▸ Task item
In the records that follow, find the line containing "s vtipným motivem" and the line containing "В новом сезоне", then transcribe both and every line between them exactly, omitting pictures.

▸ Information given
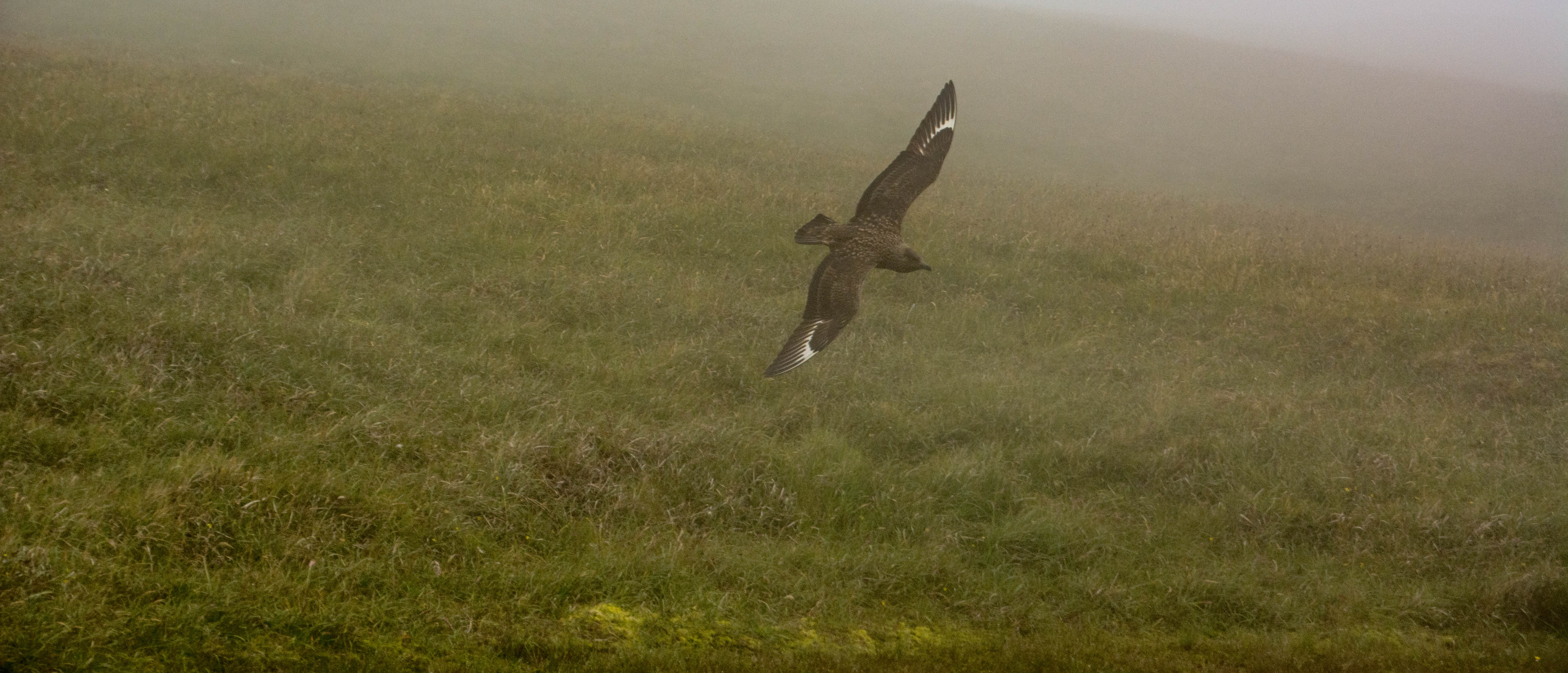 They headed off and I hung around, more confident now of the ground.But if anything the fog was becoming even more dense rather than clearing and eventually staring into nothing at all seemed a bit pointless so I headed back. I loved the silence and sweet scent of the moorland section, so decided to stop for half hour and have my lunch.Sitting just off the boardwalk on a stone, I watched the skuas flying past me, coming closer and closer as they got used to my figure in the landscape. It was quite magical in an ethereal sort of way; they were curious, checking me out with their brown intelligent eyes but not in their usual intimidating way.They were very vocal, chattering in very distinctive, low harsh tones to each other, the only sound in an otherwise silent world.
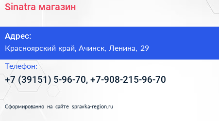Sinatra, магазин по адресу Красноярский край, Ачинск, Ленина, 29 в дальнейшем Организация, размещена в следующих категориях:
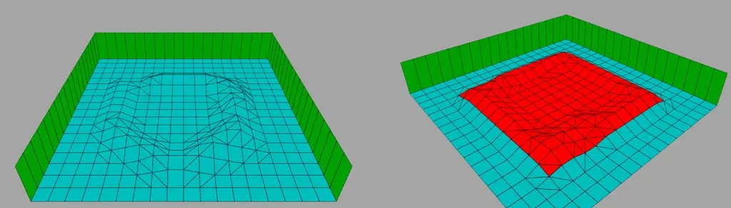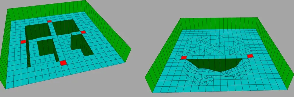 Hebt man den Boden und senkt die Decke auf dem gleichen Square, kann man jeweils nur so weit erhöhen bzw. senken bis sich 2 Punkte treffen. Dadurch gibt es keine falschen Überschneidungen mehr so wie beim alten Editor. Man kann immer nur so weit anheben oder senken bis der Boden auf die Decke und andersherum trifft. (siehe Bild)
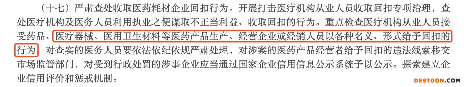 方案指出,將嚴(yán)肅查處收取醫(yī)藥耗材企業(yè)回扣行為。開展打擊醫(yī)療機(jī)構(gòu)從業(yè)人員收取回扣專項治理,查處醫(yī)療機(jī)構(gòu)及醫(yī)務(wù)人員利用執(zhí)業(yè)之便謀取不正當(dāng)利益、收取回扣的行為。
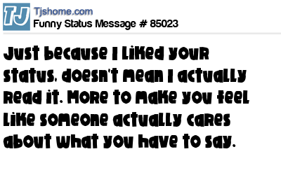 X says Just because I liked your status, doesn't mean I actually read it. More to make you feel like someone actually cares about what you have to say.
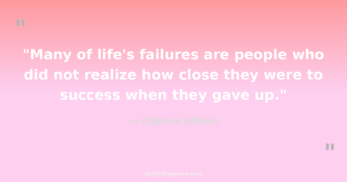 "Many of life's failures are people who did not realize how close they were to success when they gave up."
...
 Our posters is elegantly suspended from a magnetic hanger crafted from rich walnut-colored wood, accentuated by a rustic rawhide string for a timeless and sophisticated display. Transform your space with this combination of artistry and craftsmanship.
--
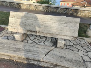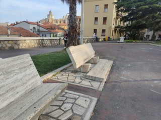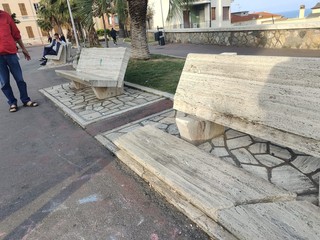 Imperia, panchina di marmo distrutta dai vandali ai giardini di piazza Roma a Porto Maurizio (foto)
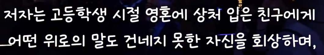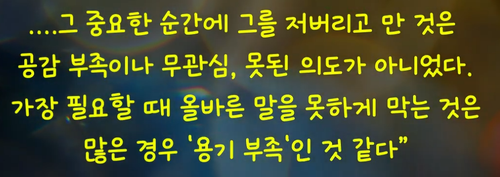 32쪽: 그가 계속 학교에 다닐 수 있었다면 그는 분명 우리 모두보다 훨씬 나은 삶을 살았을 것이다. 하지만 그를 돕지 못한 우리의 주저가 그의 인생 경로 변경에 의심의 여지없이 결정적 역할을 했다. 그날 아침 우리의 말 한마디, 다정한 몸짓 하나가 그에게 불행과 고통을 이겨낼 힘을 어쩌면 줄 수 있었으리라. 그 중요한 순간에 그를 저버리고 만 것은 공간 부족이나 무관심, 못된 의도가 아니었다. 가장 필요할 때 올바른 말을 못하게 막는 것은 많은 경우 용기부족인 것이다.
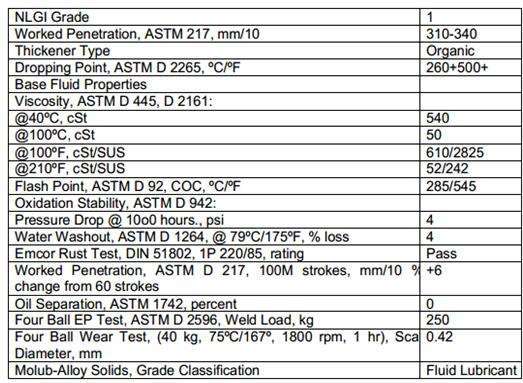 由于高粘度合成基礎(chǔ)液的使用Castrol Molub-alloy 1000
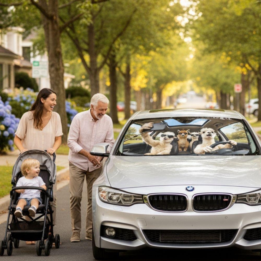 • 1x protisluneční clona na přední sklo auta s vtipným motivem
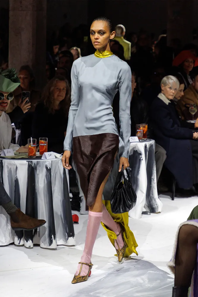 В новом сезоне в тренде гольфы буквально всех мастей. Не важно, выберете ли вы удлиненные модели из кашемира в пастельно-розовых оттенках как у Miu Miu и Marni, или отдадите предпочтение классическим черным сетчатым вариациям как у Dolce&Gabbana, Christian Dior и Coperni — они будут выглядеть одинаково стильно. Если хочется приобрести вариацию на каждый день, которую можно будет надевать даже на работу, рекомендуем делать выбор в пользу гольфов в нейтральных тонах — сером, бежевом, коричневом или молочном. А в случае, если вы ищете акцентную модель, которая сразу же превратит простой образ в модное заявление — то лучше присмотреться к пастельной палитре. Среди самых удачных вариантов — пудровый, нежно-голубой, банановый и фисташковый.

▸ Exercise result
 • 1x protisluneční clona na přední sklo auta s vtipným motivem
 В новом сезоне в тренде гольфы буквально всех мастей. Не важно, выберете ли вы удлиненные модели из кашемира в пастельно-розовых оттенках как у Miu Miu и Marni, или отдадите предпочтение классическим черным сетчатым вариациям как у Dolce&Gabbana, Christian Dior и Coperni — они будут выглядеть одинаково стильно. Если хочется приобрести вариацию на каждый день, которую можно будет надевать даже на работу, рекомендуем делать выбор в пользу гольфов в нейтральных тонах — сером, бежевом, коричневом или молочном. А в случае, если вы ищете акцентную модель, которая сразу же превратит простой образ в модное заявление — то лучше присмотреться к пастельной палитре. Среди самых удачных вариантов — пудровый, нежно-голубой, банановый и фисташковый.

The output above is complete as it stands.